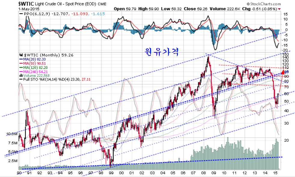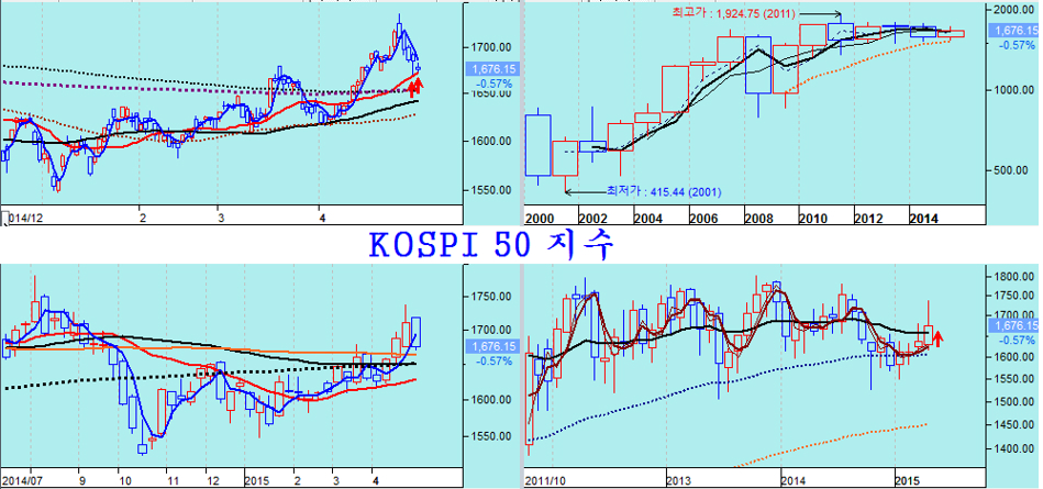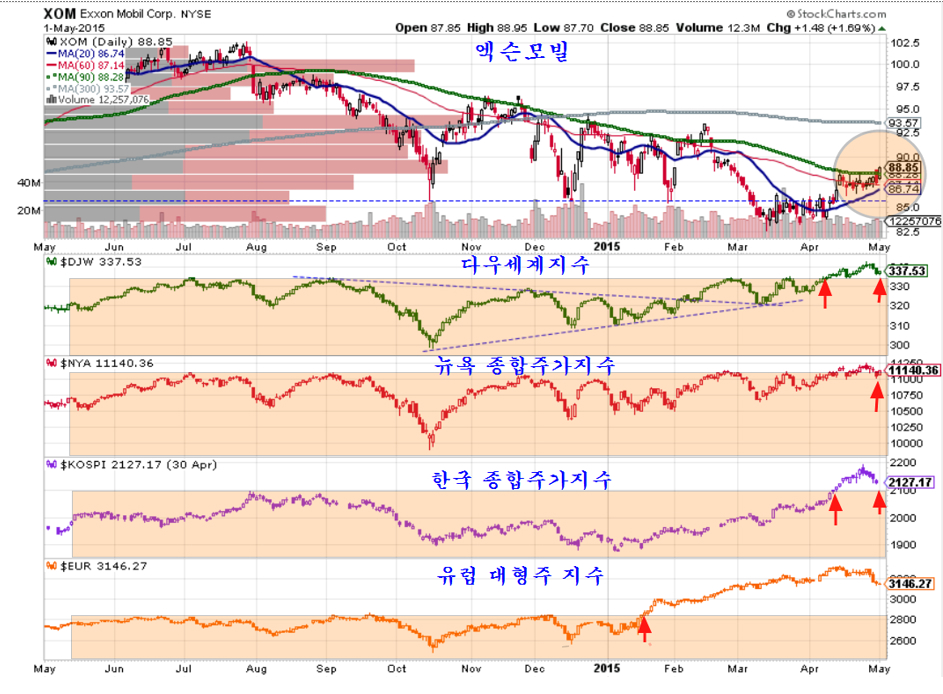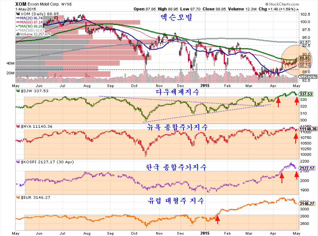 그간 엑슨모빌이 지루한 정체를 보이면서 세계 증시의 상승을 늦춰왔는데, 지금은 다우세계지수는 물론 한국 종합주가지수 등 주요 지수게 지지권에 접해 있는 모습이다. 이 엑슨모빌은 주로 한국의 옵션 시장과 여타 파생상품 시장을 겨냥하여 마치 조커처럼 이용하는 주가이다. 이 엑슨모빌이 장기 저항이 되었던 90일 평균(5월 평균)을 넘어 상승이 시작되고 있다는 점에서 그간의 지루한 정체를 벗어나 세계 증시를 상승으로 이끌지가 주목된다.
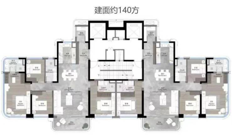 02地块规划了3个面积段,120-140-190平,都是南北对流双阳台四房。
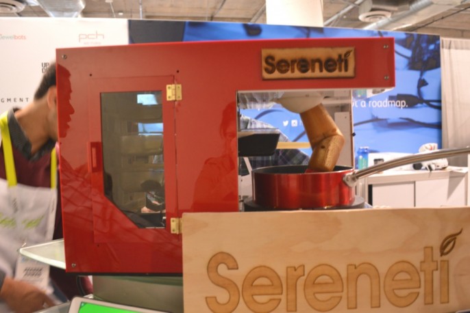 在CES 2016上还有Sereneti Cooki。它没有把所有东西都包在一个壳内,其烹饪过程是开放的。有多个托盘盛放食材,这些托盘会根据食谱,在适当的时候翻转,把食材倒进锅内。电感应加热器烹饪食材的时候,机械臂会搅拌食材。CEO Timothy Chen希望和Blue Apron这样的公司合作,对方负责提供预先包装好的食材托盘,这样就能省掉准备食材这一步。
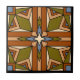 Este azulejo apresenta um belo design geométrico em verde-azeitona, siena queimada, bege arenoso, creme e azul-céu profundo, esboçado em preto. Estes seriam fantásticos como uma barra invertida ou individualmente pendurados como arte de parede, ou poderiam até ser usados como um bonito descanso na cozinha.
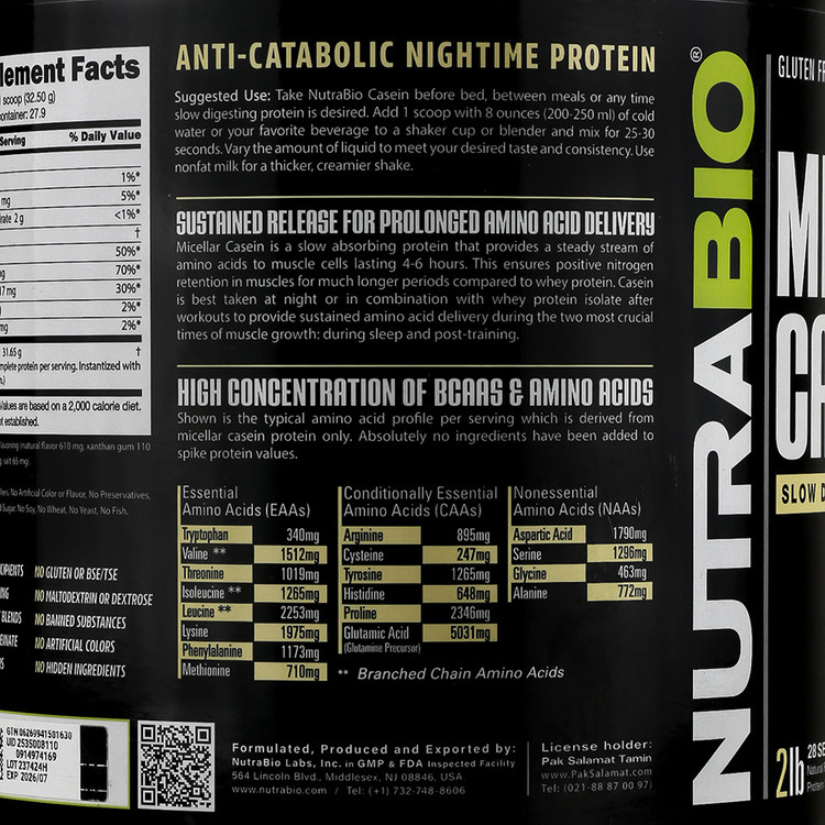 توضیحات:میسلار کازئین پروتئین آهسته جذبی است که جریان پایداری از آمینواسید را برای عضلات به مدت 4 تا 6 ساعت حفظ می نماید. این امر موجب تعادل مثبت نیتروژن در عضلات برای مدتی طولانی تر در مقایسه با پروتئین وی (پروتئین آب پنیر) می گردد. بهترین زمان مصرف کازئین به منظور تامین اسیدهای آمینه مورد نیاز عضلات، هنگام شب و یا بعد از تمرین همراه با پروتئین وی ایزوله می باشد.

**Work required**
Beginning with the line that contains "Este azulejo apresenta" and ending with the final line of the entries, every line must be copied exactly; the pictures must not.

**Exercise response**
 Este azulejo apresenta um belo design geométrico em verde-azeitona, siena queimada, bege arenoso, creme e azul-céu profundo, esboçado em preto. Estes seriam fantásticos como uma barra invertida ou individualmente pendurados como arte de parede, ou poderiam até ser usados como um bonito descanso na cozinha.
 توضیحات:میسلار کازئین پروتئین آهسته جذبی است که جریان پایداری از آمینواسید را برای عضلات به مدت 4 تا 6 ساعت حفظ می نماید. این امر موجب تعادل مثبت نیتروژن در عضلات برای مدتی طولانی تر در مقایسه با پروتئین وی (پروتئین آب پنیر) می گردد. بهترین زمان مصرف کازئین به منظور تامین اسیدهای آمینه مورد نیاز عضلات، هنگام شب و یا بعد از تمرین همراه با پروتئین وی ایزوله می باشد.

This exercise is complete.